第一章 - Ⅶ

「ねえ、クレイン」

 ミオリと別れて、帰り道。クレインに、どうしても訊きたいことがあった。

「どうしたの?」

「クレインとミオリはどういう関係だったの?」

 訊きたかったのは、執行兵としてこちらの世界に来る前の話。ミオリが「クーちゃん」と呼んでいたから、元の世界から親しかったのだろうと想像していた。

 しかし。

「どういうって、ただの同僚よ。関係も何もあったモノじゃないわ。仲間、というのは大袈裟すぎるかしら。昔から、あの子の方からよく話しかけてきていたわね。うんざりすることもあったくらい」

 彼女の答えはあくまでも同僚というか、決して親しい間柄ではなかったようなものだった。確かに、クレインとミオリの性格を比べると、何となくクレインが押され気味な印象を受ける。うんざりという表現も納得だ。
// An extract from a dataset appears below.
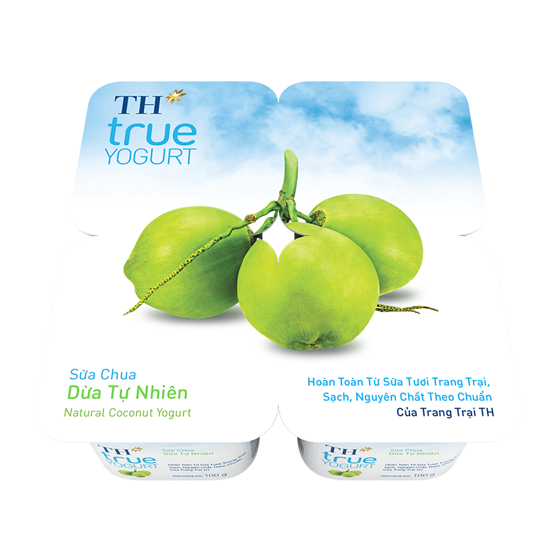 – Sữa chua TH True MILK dừa: Giá tham khảo: 28.000 VNĐ/4 hộp x 100g. Trong hộp sữa chua có những miếng dừa nhỏ thơm mát, ngọt dịu, giúp hỗ trợ sức khỏe hệ xương khớp, thị lực, chống viêm và làm đẹp da.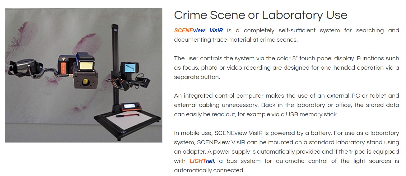 - the all new evidence camera for search and documentation of evidence material like fingermarks, body fluids, blood, gunshot residue and much more. SCENEview VisIR is our latest development and the first component in a completely new product family of camera systems and accessories for evidence photography at crime scenes and in the laboratory. In addition to identifying possible perpetrators, traces found at the crime scene often allow valuable conclusions to be drawn about the sequence and course of a crime. Sceneview VisIR is a universal tool for the search, recognition and documentation of traces such as body fluids (e.g. saliva, urine, seminal fluid), blood, traces of smoke, fibres, hair, fingerprints and much more. SCENEview VisIR is the first component of the product family and the basic system, based on a modern camera system with high light sensitivity even in the IR range, very fast autofocus and modern and user-friendly operation via touchscreen display. In order to ensure simple and intuitive operation, SCENEview VisIR focuses on components and functions that are actually required in forensic applications. Our LIGHTcube forensic lighting system provides you with extremely powerful, narrow-band, high-performance lighting in 12 different light colours from ultraviolet to infrared, which can be tailored to your applications in a modular manner.

「でも、彼女はムードメーカーだった。ま、それは今も変わらないみたいだけど」

 僕とミオリのバイトはカフェでの接客業。明るく元気な彼女の性格が、お客さんを盛り上げるのに一役買っているのは事実だ。もちろん、業務態度も真面目で他の店員からの評価も高い。

 執行兵の掟でも、人間に「擬態」されていたというのだから驚きだ。

「僕にバレたっていっても、今まで通りでいてくれるかな」

「さっきも言ったでしょう? ミオリにあなたは殺せない。ううん、殺させない。彼女にも働いてもらって、私の目的をできるだけ早く叶えるわ」

 目的を果たすことが、クレインの行動理念。その原動力となっているのが、とある執行兵の存在。

 その執行兵について、僕は何も知らない。クレインは、意図的にミオリにも隠しているようだった。その意味は――。

「クレイン、君が探している執行兵って……」

 そのときだった。

 

 ――夕暮れが暗闇へと表情を変えるとき。人気のない歩道下のトンネルに、僕とクレインは差し掛かっていた。

「静かにしなさい。いるわ」

 トンネル内部の闇を従えるように、ふたつの目をぎょろりと配らせて、そいつは鎮座していた。

「ヒドゥン……!!」

「やっぱり、タカトはヒドゥンを誘き寄せる何かがあるみたいね。すぐに終わらせる――アマト!」

 先ほど買った衣服のビニール袋を僕に向かって放ったクレイン。僕が慌ててそれをキャッチしたとほぼ同時に、彼女はヴァリアヴル・ウェポンを生成して地面を蹴った。瞬く間に伸びた光の線は、一対の大槍となって彼女の手に携えられる。駆け出したその勢いのまま、右手の槍を鋭く突き出す。

「これでも受けなさいッ!」

 しかし。彼女の放った攻撃は、金属音と共に勢いを殺される。暗闇に慣れてきた瞳で確認する。首への一突きを狙った彼女だったが、傷ひとつついていない。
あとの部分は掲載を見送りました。